Elementary result: If $m>n$, then any $f_1,...,f_m$ (non-zero polynomials) in $K[X_1,...,X_n]$ are algebraically dependent over $K$ I am looking into this proof: If $m$$>$ $n$, then any $f_1,...,f_m$ (non-zero polynomials) in $K[X_1,...,X_n]$ are algebraically dependent over $K$ ($K$ is a field).
The proof starts by assuming that $f_1,...,f_m$ are algebraically independent over $K$. But I don't understand how we can now deduce that $f_1,...,f_m$ forms a transcendence basis of $K[X_1,...,X_n]$ over $K$. In other words, why is $K[X_1,...,X_n]$ algebraic over $K(f_1,...,f_m)$? 
The proof then goes on to say that $X_1,...,X_n$ forms a transcendence basis of $K[X_1,...,X_n]$ over $K$. Could someone explain why this is true?
The contradiction at the end is now straightforward since all transcendence bases must have the same cardinality. 
Would appreciate any sort of explanation as I am not very competent in this area of mathematics.
 A: I never learned the basics of transcendence degree myself, but fortunately you can write down a proof that completely avoids it.

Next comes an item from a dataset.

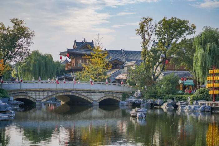之后游览【小宋城】游览时间为1.5小时,整个营业区内以木质仿古建筑为主,回廊流水,亭台楼榭及戏台上传来的传统戏曲演唱声,仿佛瞬间把人带回了拙朴又轻缓的北宋时代。

It has the benefit of being much more concrete. 
A polynomial in the $f_1, \dots f_m$ is a sum of monomials $\prod f_i^{e_i}$, which has degree $\sum e_i d_i$ where $d_i = \deg f_i$ (by which I mean the largest sum of exponents of a monomial occurring in $f_i$). So the number of such monomials of degree at most $D$ is the number of solutions to
$$\sum_{i=1}^m e_i d_i \le D, e_i \ge 0.$$
As a function of $D$ this looks like the volume of a generalized right triangle; the leading term asymptotically is $\frac{D^m}{d_1 \dots d_m m!}$, and in particular it grows like $D^m$. On the other hand, the dimension of the space of polynomials in $K[x_1, \dots x_n]$ of degree at most $D$ is the number of solutions to
$$\sum_{i=1}^n e_i \le D, e_i \ge 0$$
and so it grows like $\frac{D^n}{n!}$; since $m > n$ the former eventually overtakes the latter, and so the monomials $\prod f_i^{e_i}$ eventually cannot be linearly independent.